If the speed of light is relatively the same to all objects no matter the velocity, then how do we know that earth isnt moving at 99% of C?

 

Relative to what?

The speed of light is constant for all observers relative to the observer. No one will percieve light as travelling slower or faster than approx. 3.0x10^8 m/s. Thus it would be possible for us to be travelling near the speed of light without being aware of it. But relative to what? Is there some "stationary" reference that we can relate our movement to?

 

Although, I don't believe that we've found any stellar body to be moving away from us (or us moving away from it) at that speed, which is measured by the doppler effect: z = approx(v/c). if we were moving near the speed of light, say .99999c, the z value would be .99999. No z value has ever come that close to 1. So I'd say it's unlikely that we are moving that fast, at least not to anything we can see in the sky.

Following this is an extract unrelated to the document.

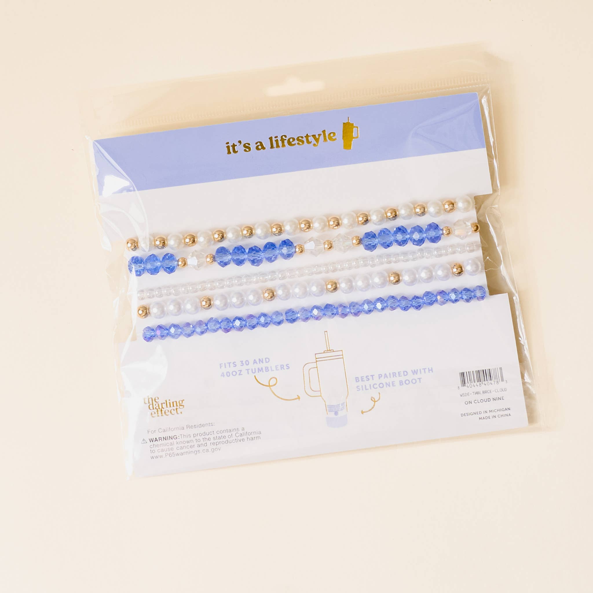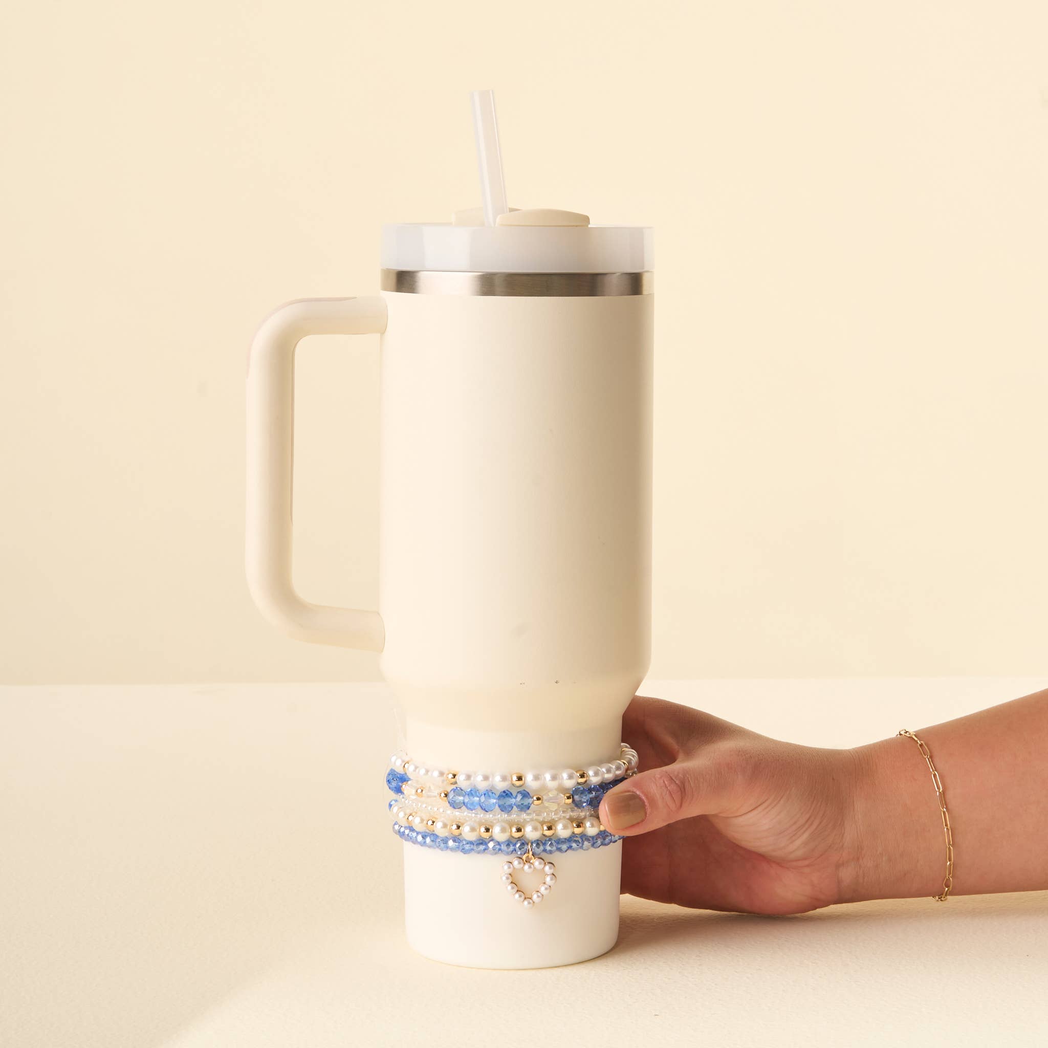Add charm and personality to your tumbler with our tumbler bracelet stack. This set includes 5 unique bracelets that fit all standard 40 oz tumblers. Pair with a tumbler boot to keep your bracelets secure and prevent slipping. Perfect for personalizing your tumbler and making it uniquely yours, while also offering quick identification and a fun accessory.

The speed of light is constant for all observers relative to the observer. No one will percieve light as travelling slower or faster than approx. 3.0x10^8 m/s. Thus it would be possible for us to be travelling near the speed of light without being aware of it. But relative to what? Is there some "stationary" reference that we can relate our movement to?

 

Although' date=' I don't believe that we've found any stellar body to be moving away from us (or us moving away from it) at that speed, which is measured by the doppler effect: z = approx(v/c). if we were moving near the speed of light, say .99999c, the z value would be .99999. No z value has ever come that close to 1. So I'd say it's unlikely that we are moving that fast, at least not to anything we can see in the sky.[/quote']

 

Actually there have been z values for extremely distant galaxies that have been 3 or 4 or something. Want to say its impossible, that there is absolutely no way for anything to appear to be going faster than c? Well thats what I said, but I looked it up, and by gum it seems to be correct. So be sure to look it up before you come back and say that I'm wrong.

The speed of light is constant for all observers relative to the observer. No one will percieve light as travelling slower or faster than approx. 3.0x10^8 m/s.

 

 

Just a question, not to start an argument, but if the speed of light is indeed constant to an observer, then what is this red shift and blue shift that we keep hearing about?

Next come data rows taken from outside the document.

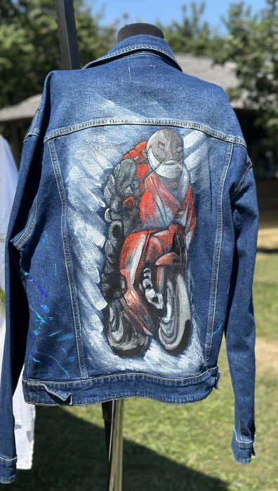 Geacă de blugi pictată manual cu produse de cea mai bună calitate, special create pentru pictură pe textile, rezistente la apă și transfer.
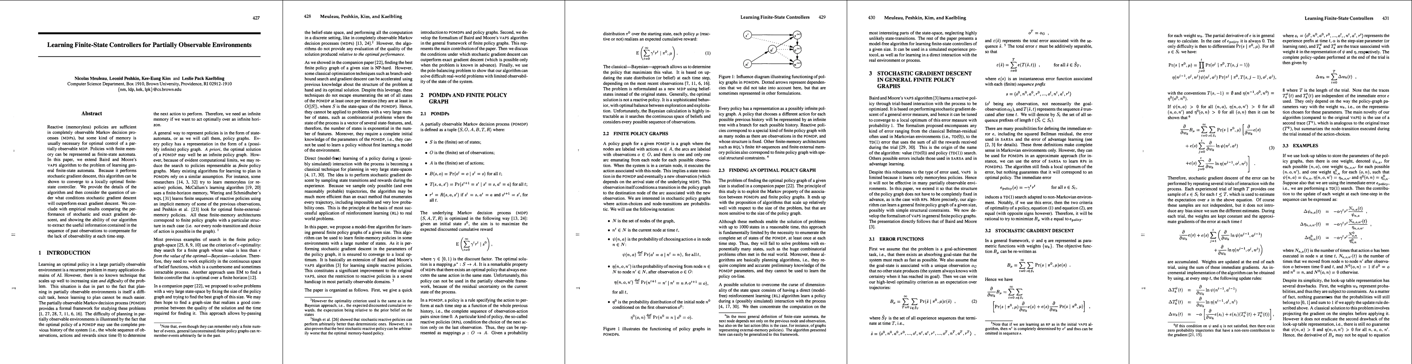 This paper presents an extension of the VAPS algorithm to learn finite-state automata for optimal control in partially observable environments. It demonstrates convergence to a locally optimal controller through stochastic gradient descent and compares its performance with exact gradient descent, showing its effectiveness in utilizing past observations.
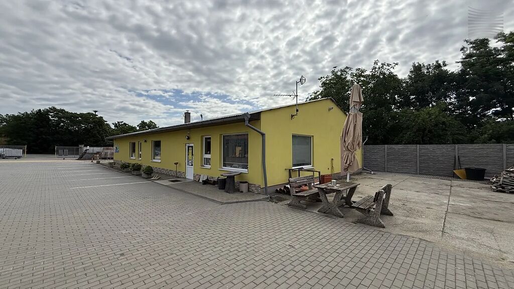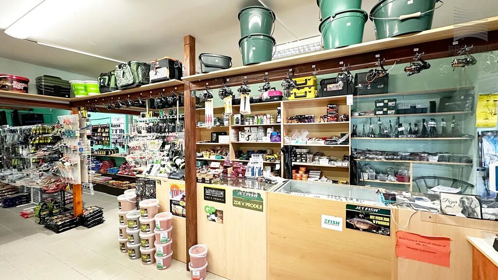 Součástí areálu je administrativní budova, kde je v současnosti umístěna prodejna stavebnin. Budova je rozdělena na dvě části – ve druhé funguje zavedený obchod s rybářskými potřebami s dlouhodobou klientelou. Na pozemku se dále nachází samostatná hala určená pro výrobu nebo skladování a několik parkovacích míst přímo před hlavní budovou.
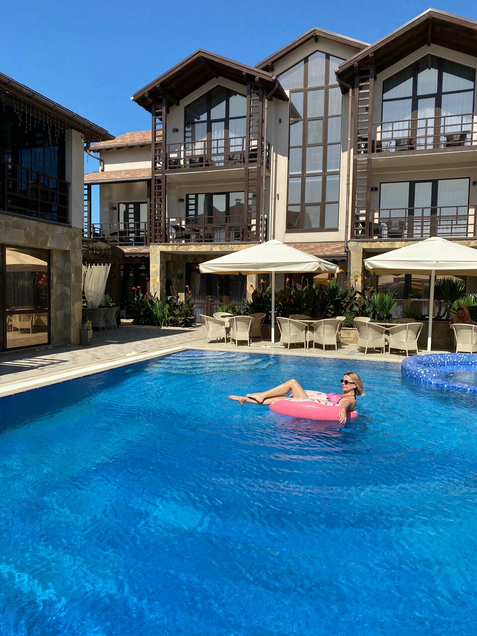 Пожалуй, лучший отель с бассейном за приемлемую цену очень вежливый персонал, помогли с трансфером. Есть неплохие велики в аренду — очень круто кататься по Меганому, сгоняли на пляж с другой стороны мыса) Судак недалеко, что тоже радует — можно быстро добраться до курорта, понять, что там слишком людно, и с радостью ехать в тихий отельчик) отдельно про еду — она просто топ)
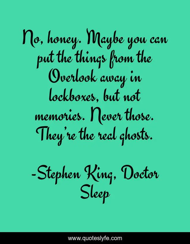 This page presents the quote "No, honey. Maybe you can put the things from the Overlook away in lockboxes, but not memories. Never those. They’re the real ghosts.". Author of this quote is Stephen King, Doctor Sleep. This quote is about memories, ghosts,.
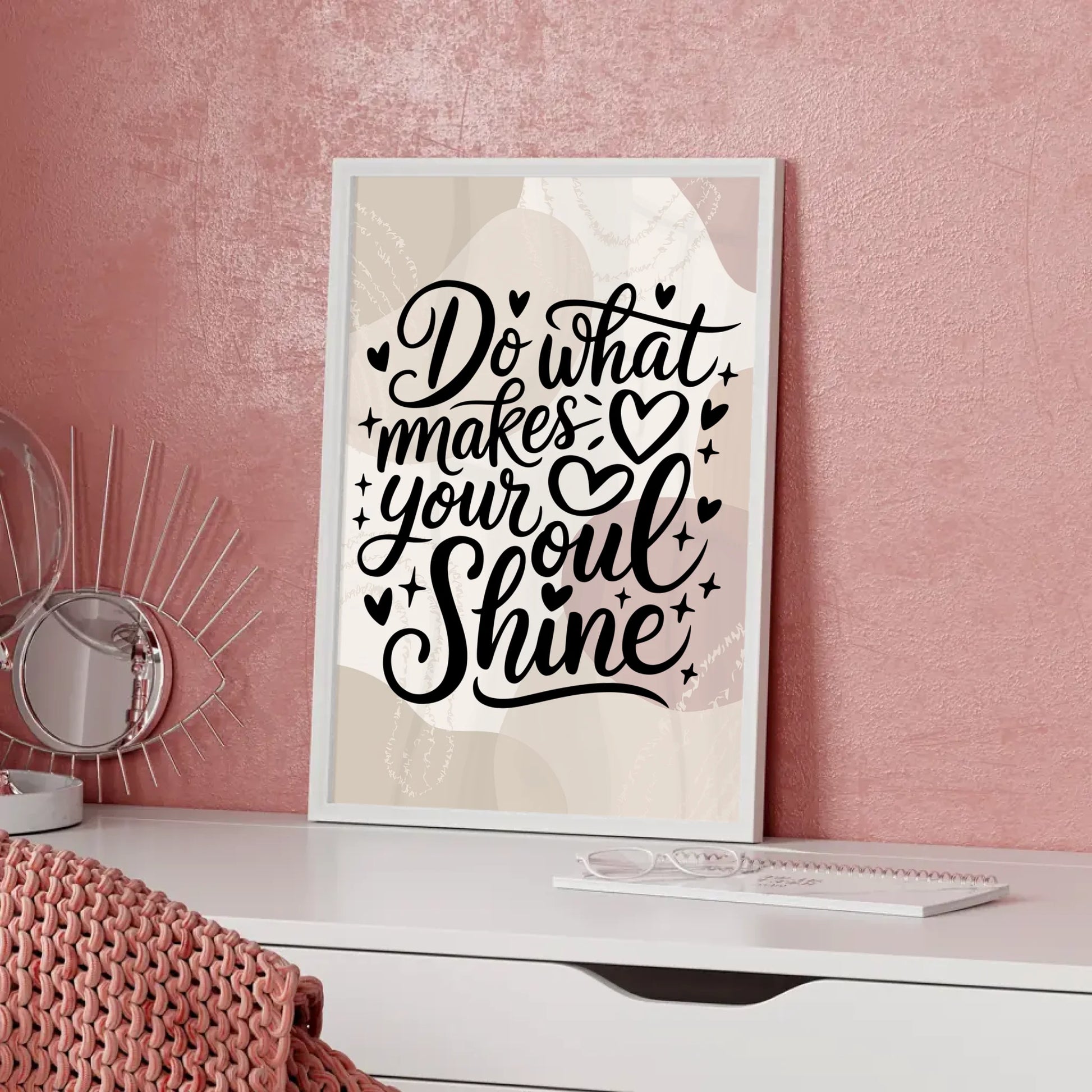 Entdecke unser einzigartiges Spruchposter Do what makes your soul shine, das nicht nur als dekoratives Element, sondern auch als tägliche Motivation in deinem Zuhause wirkt. Mit diesem Poster mit Spruch bringst du positive Energie und Inspiration in jede Ecke deines Lebens. Gestalte dein persönliches Poster selbst, indem du ein individuelles Hintergrundbild auswählst und so ein Kunstwerk schaffst, das ganz deinen Vorstellungen entspricht.
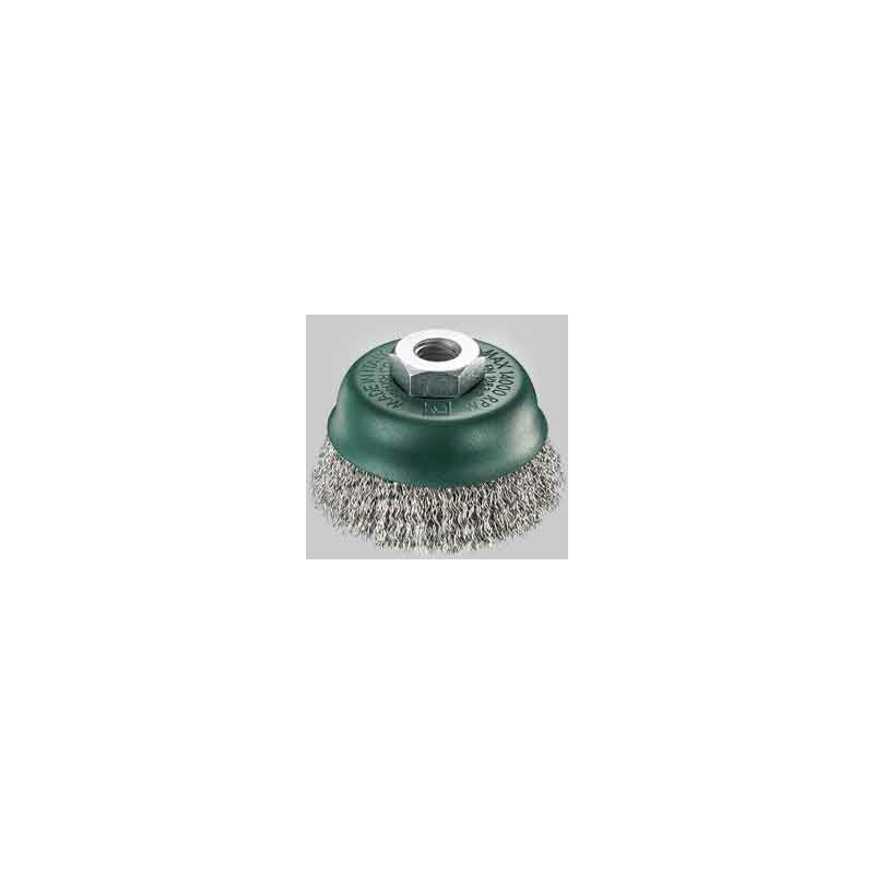 Filamenti in acciaio inox. Foro M14. Per utilizzo su smerigliatrici portatili, sia elettriche sia ad aria compressa, per lavori di pulitura, satinatura, finitura, rimozione di scorie.

Just a question, not to start an argument, but if the speed of light is indeed constant to an observer, then what is this red shift and blue shift that we keep hearing about?

 

If objects are moving towards or away from an observer the EM radiation given off by them goes through a change in frequency depending in the speed of the movement. We can measure the frequency of the light and compare it with emission spectrums and work out the shift in frequency and from that deduce the velocity of the object.

Z-values > 1 account for the expansion of the intervening space. No object moved faster than c in local space.

Well I'm assuming that we can assume that we are not movign anywhere near that fast because we probably wouldn't see light from many other objects because it would blue/red shift right off to the edges of the spectrum.

what a wonderful question.

it is indeed correct that we are not moving that fast in relation to what we can observe, however, an explotion like the big bang (or rather like "a" big bang) would send matter rushing away from the epicenter at such incredibly high speeds that it may actually be fisible.

We do infact use telescopes that measure light in other frequencies than visible light....